_RECORDS SHOWN_
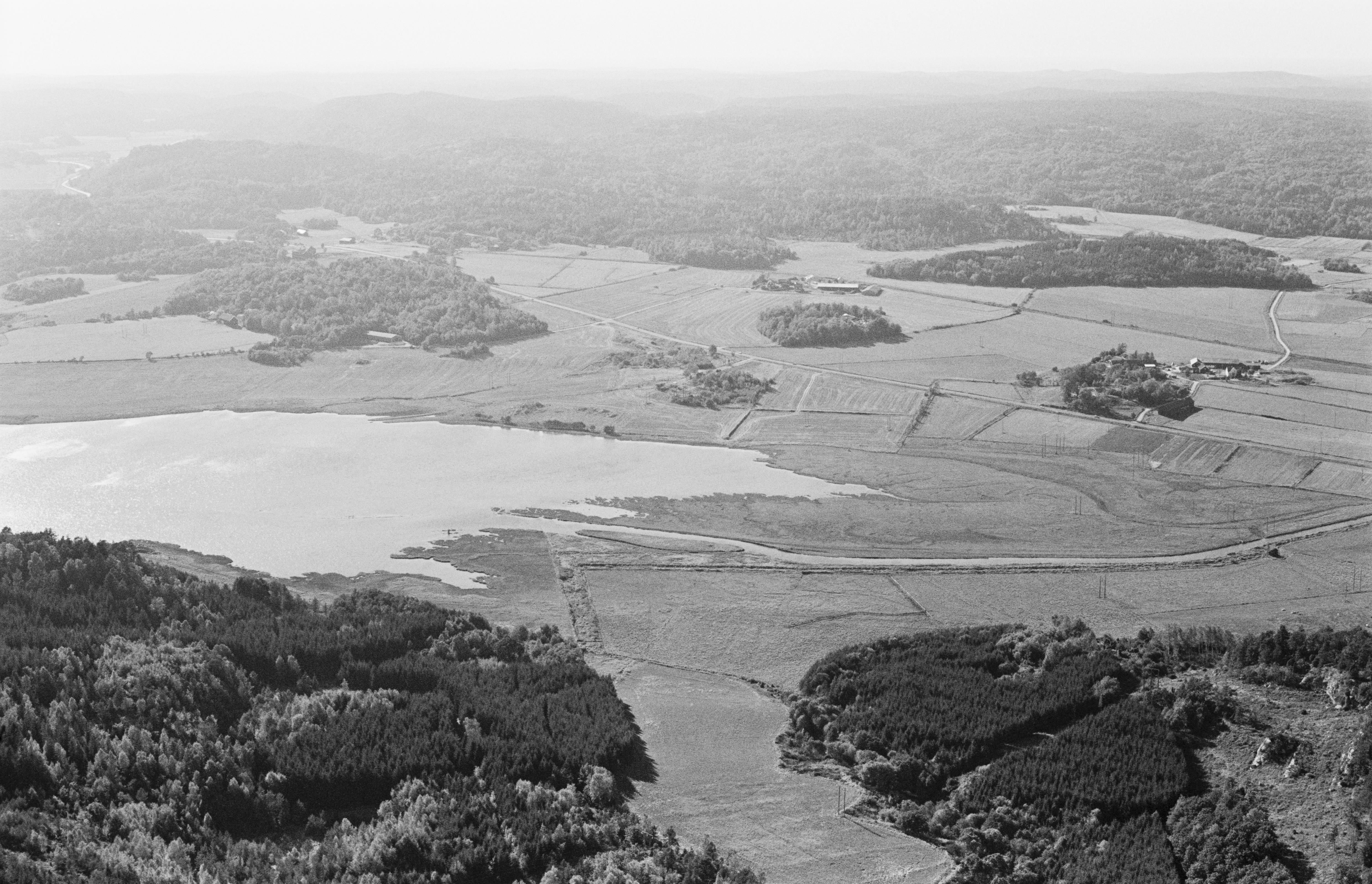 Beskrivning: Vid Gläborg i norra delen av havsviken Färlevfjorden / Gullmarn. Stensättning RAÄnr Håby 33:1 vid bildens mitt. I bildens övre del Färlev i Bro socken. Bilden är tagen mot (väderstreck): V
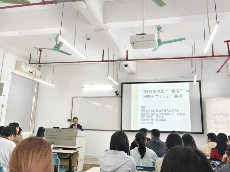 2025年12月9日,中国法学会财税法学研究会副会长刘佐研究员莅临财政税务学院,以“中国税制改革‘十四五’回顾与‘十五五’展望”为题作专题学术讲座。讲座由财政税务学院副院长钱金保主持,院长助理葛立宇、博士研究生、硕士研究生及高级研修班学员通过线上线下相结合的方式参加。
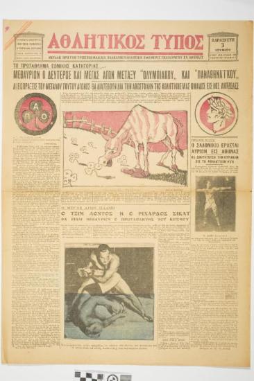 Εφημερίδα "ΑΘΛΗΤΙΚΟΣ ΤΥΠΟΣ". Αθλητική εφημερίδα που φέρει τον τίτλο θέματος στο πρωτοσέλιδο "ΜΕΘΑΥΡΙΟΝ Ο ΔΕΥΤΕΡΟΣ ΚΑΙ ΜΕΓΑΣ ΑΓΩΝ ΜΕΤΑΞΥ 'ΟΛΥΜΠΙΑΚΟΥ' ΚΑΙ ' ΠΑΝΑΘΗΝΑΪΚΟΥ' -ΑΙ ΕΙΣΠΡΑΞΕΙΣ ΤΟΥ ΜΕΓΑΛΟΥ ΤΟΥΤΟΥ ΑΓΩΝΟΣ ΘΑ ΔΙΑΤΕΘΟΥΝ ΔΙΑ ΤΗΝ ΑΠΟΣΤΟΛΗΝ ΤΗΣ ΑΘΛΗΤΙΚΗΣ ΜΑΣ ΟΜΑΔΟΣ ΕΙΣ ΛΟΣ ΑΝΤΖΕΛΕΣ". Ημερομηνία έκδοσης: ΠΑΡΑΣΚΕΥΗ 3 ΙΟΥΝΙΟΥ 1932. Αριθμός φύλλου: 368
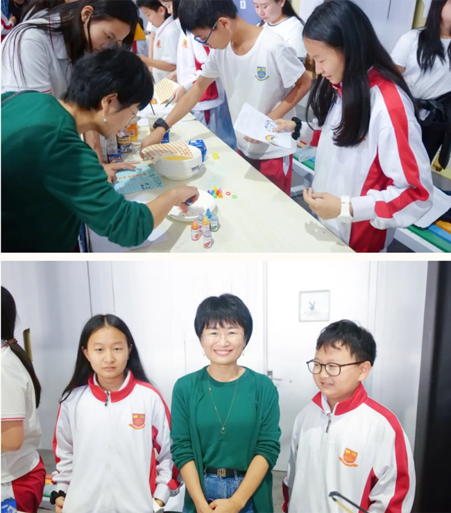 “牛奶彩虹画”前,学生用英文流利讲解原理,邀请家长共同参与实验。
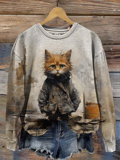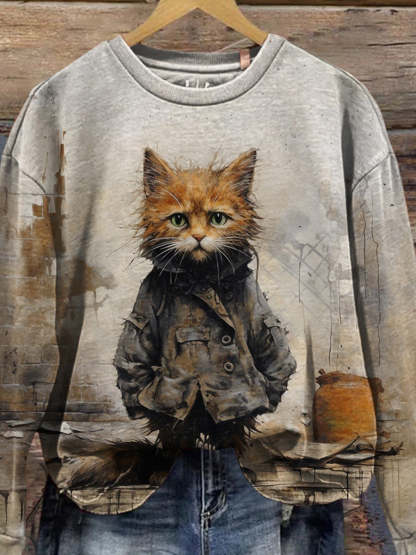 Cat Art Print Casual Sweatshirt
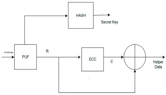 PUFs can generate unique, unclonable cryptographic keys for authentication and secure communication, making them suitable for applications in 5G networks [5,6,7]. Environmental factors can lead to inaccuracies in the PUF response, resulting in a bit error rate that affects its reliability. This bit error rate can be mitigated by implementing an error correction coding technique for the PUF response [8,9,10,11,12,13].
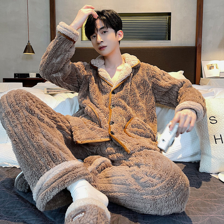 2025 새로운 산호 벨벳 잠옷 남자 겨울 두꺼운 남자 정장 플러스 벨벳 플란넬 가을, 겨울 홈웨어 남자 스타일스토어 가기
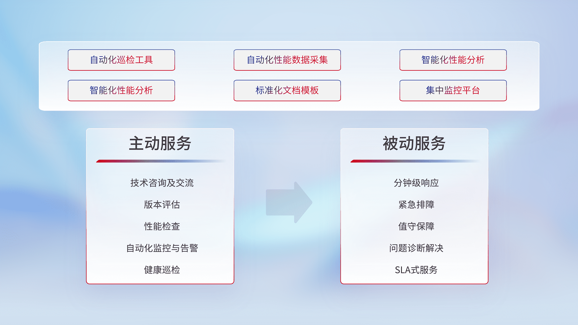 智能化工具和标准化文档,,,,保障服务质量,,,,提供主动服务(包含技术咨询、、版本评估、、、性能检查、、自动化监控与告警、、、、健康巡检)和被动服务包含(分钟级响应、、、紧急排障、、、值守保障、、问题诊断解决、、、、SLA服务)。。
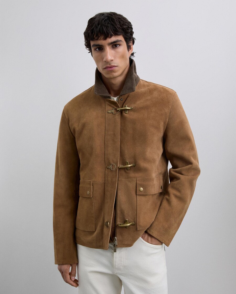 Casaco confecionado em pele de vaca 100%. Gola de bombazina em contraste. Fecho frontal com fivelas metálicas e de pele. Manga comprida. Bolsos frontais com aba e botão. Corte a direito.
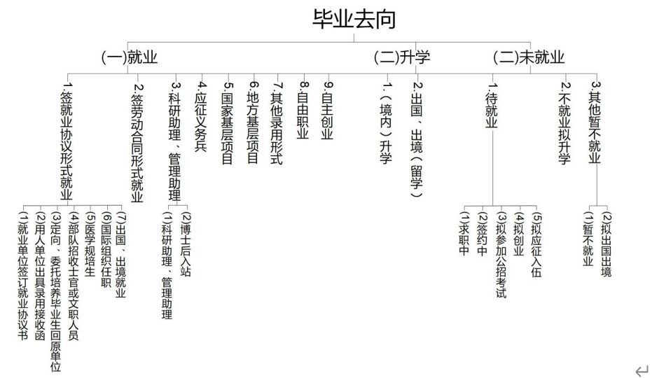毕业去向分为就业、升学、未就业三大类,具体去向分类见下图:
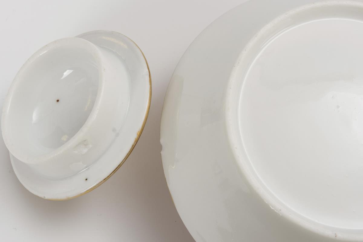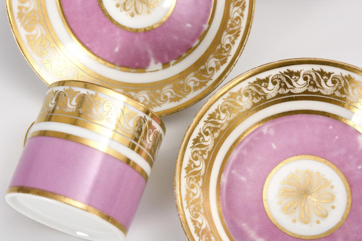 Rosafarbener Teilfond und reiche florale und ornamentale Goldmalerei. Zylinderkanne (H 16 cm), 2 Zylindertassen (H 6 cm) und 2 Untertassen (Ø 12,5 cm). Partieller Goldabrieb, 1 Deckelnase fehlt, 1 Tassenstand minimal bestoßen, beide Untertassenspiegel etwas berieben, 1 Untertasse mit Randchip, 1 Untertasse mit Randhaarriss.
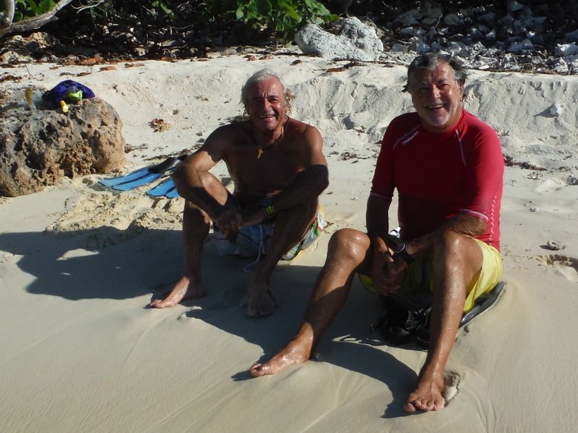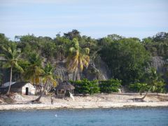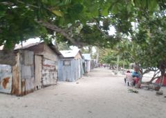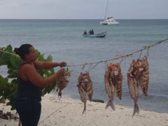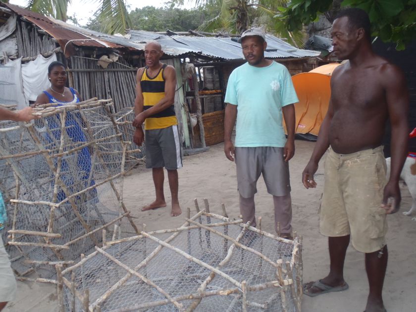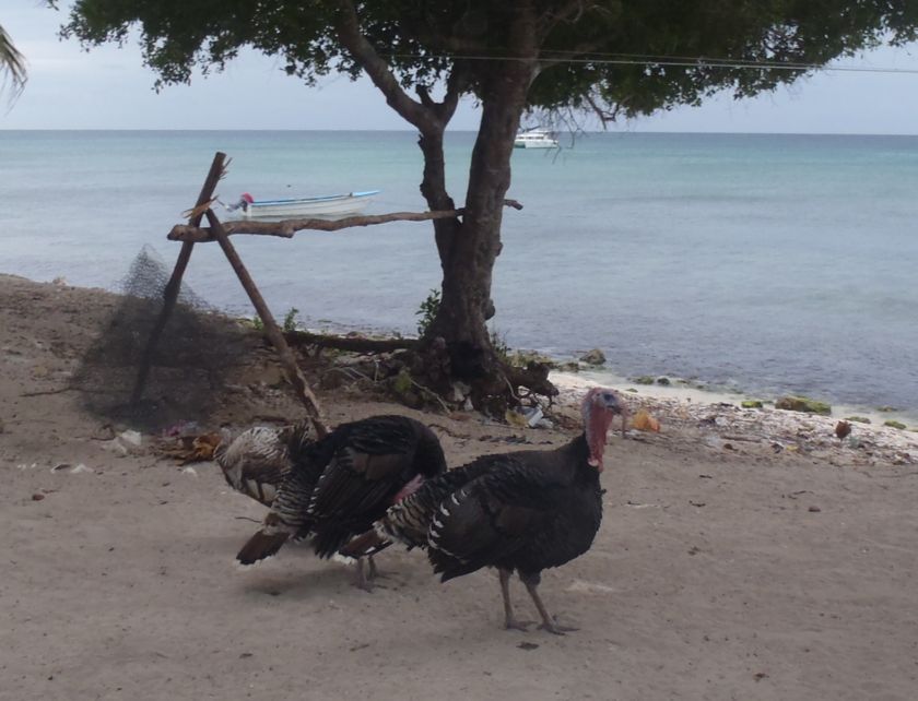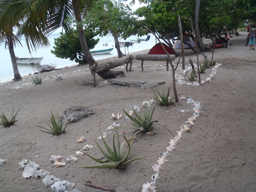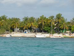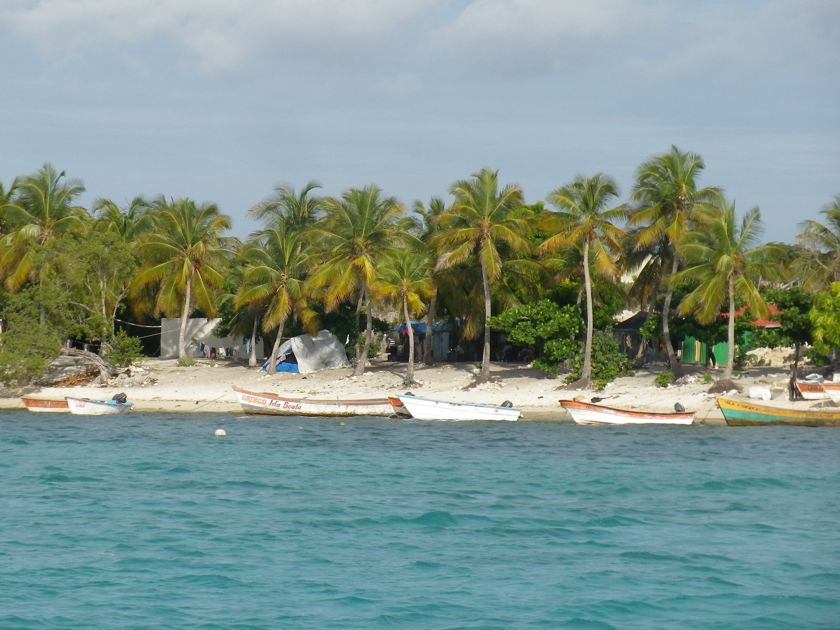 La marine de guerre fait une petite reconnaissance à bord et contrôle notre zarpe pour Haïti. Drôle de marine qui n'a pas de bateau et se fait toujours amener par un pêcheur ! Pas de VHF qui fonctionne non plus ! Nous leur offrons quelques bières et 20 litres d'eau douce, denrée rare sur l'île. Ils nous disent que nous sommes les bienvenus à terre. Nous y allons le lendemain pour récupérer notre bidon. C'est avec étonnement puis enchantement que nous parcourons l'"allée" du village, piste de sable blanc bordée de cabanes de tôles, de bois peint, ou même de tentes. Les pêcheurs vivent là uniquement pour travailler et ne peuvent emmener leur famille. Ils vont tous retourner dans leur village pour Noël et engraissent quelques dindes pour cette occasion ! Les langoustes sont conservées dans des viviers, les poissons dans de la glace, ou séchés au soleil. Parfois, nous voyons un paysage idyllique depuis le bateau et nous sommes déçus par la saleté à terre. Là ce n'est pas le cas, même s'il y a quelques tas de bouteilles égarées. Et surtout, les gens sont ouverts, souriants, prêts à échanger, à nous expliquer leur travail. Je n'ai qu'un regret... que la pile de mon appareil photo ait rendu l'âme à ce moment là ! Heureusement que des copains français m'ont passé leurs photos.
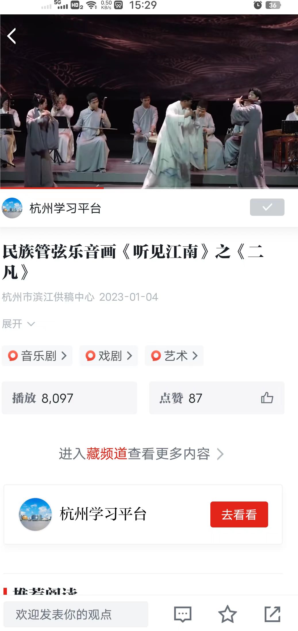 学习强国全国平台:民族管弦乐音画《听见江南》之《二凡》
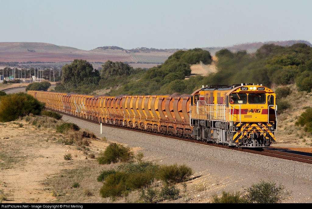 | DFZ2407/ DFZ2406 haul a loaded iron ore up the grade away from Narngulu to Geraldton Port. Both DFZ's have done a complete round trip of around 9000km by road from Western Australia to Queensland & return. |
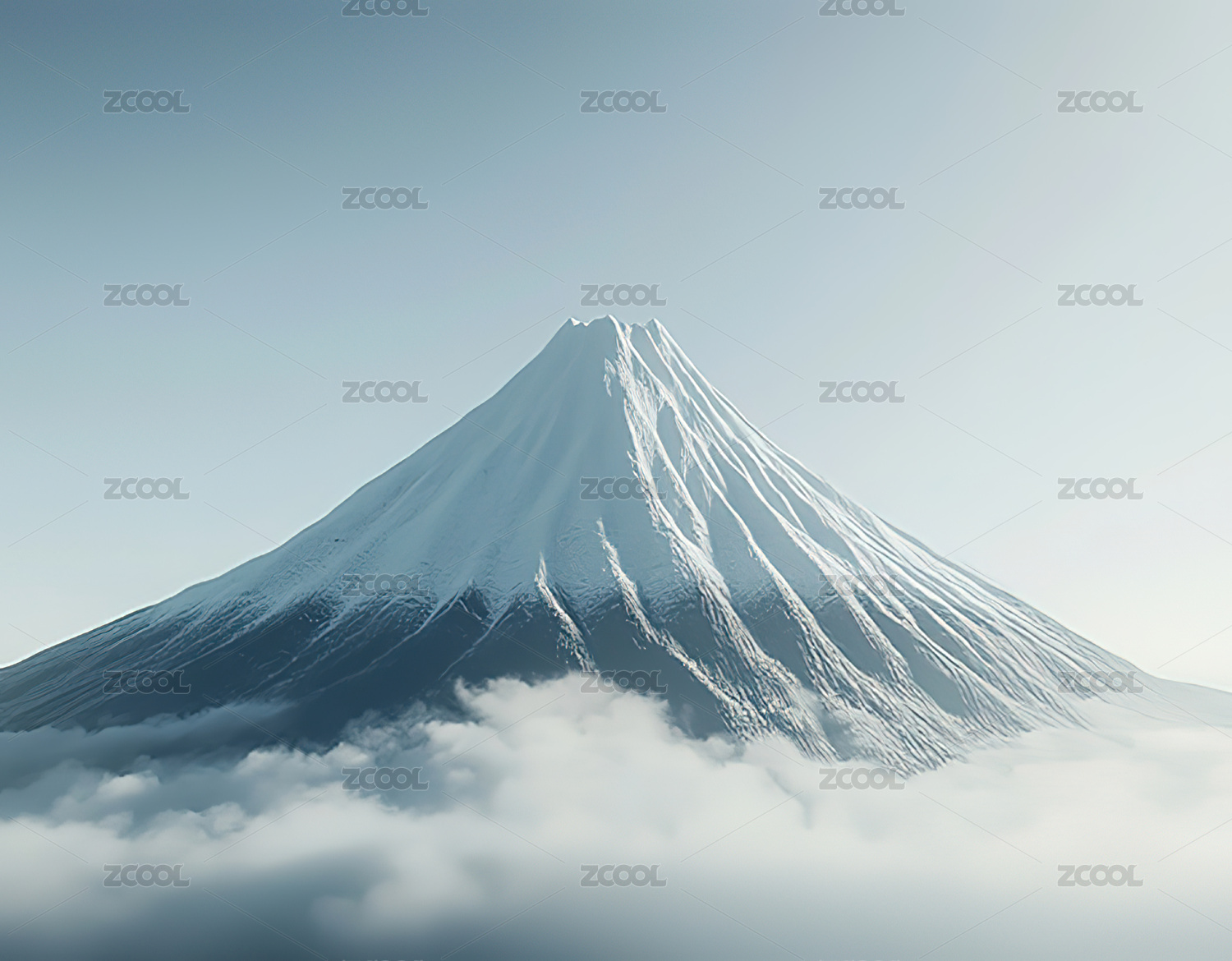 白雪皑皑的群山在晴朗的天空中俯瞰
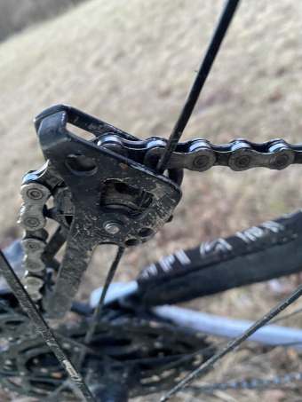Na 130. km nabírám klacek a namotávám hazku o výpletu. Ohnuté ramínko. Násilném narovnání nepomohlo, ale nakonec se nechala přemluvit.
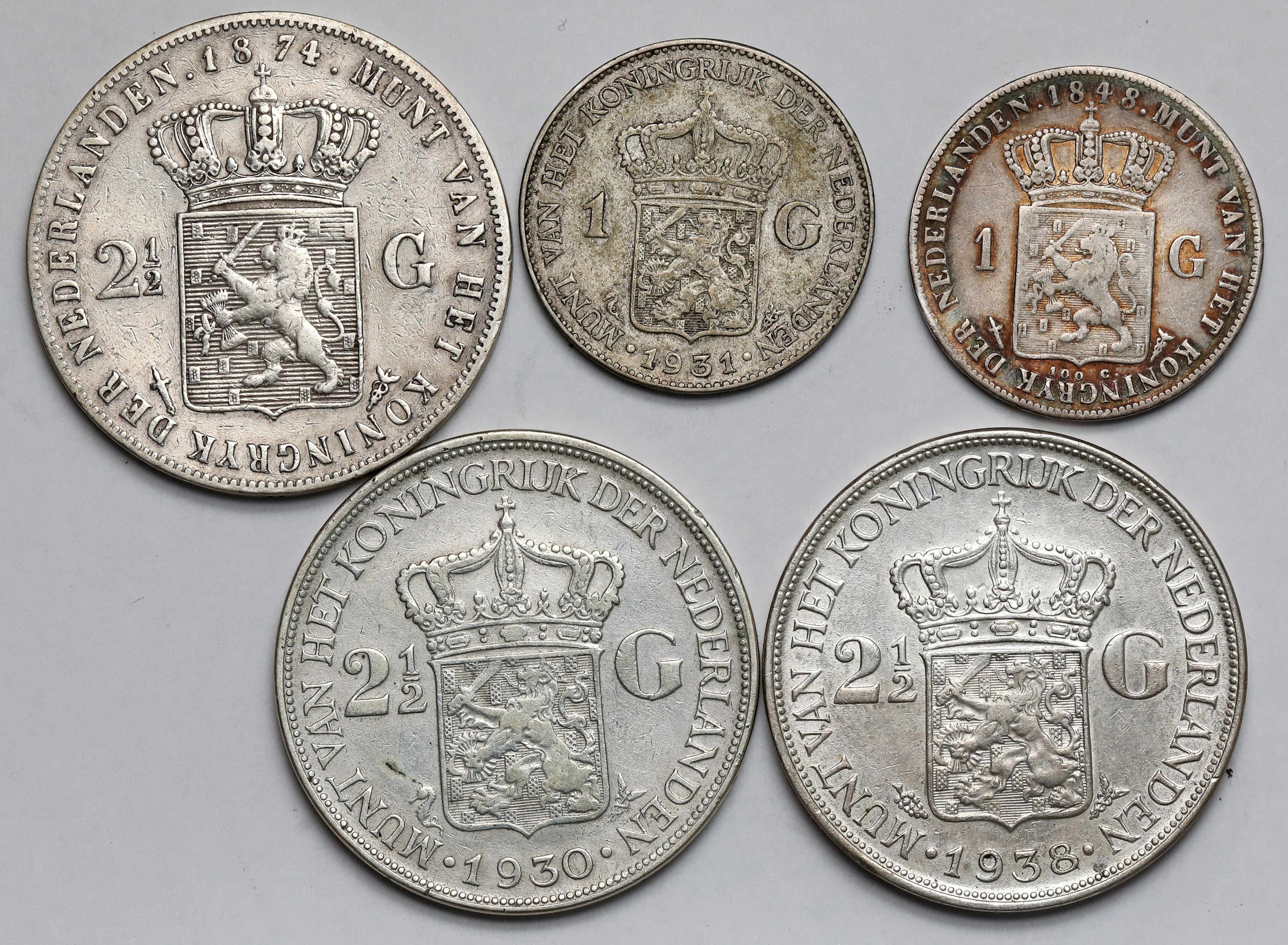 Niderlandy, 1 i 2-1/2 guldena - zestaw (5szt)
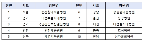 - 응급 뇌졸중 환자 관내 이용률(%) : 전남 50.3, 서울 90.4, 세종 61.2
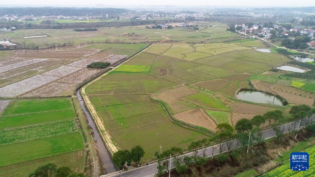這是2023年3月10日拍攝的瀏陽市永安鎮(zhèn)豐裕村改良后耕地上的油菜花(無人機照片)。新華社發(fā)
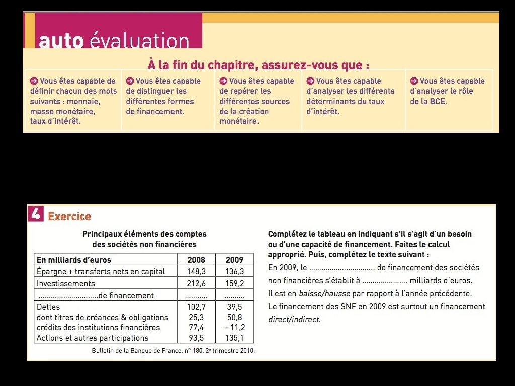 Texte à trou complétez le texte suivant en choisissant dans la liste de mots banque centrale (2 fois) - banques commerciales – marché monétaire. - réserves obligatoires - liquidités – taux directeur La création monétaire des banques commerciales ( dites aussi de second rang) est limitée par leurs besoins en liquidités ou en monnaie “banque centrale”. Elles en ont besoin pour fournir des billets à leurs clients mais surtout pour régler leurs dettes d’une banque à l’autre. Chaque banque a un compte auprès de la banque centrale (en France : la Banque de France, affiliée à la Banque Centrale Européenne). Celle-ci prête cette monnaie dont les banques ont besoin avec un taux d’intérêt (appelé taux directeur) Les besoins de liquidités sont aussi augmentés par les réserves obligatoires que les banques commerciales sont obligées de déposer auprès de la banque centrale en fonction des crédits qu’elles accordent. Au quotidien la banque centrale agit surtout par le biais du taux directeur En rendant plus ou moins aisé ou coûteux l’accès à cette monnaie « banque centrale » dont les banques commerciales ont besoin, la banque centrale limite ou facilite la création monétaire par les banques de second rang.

_ABOUT THIS EXERCISE_
Exactly repeat every line from the line that includes "Niderlandy, 1 i" to the end of the listing, and nothing else, leaving pictures out.

_RESPONSE_
 Niderlandy, 1 i 2-1/2 guldena - zestaw (5szt)
 - 응급 뇌졸중 환자 관내 이용률(%) : 전남 50.3, 서울 90.4, 세종 61.2
這是2023年3月10日拍攝的瀏陽市永安鎮(zhèn)豐裕村改良后耕地上的油菜花(無人機照片)。新華社發(fā)
 Texte à trou complétez le texte suivant en choisissant dans la liste de mots banque centrale (2 fois) - banques commerciales – marché monétaire. - réserves obligatoires - liquidités – taux directeur La création monétaire des banques commerciales ( dites aussi de second rang) est limitée par leurs besoins en liquidités ou en monnaie “banque centrale”. Elles en ont besoin pour fournir des billets à leurs clients mais surtout pour régler leurs dettes d’une banque à l’autre. Chaque banque a un compte auprès de la banque centrale (en France : la Banque de France, affiliée à la Banque Centrale Européenne). Celle-ci prête cette monnaie dont les banques ont besoin avec un taux d’intérêt (appelé taux directeur) Les besoins de liquidités sont aussi augmentés par les réserves obligatoires que les banques commerciales sont obligées de déposer auprès de la banque centrale en fonction des crédits qu’elles accordent. Au quotidien la banque centrale agit surtout par le biais du taux directeur En rendant plus ou moins aisé ou coûteux l’accès à cette monnaie « banque centrale » dont les banques commerciales ont besoin, la banque centrale limite ou facilite la création monétaire par les banques de second rang.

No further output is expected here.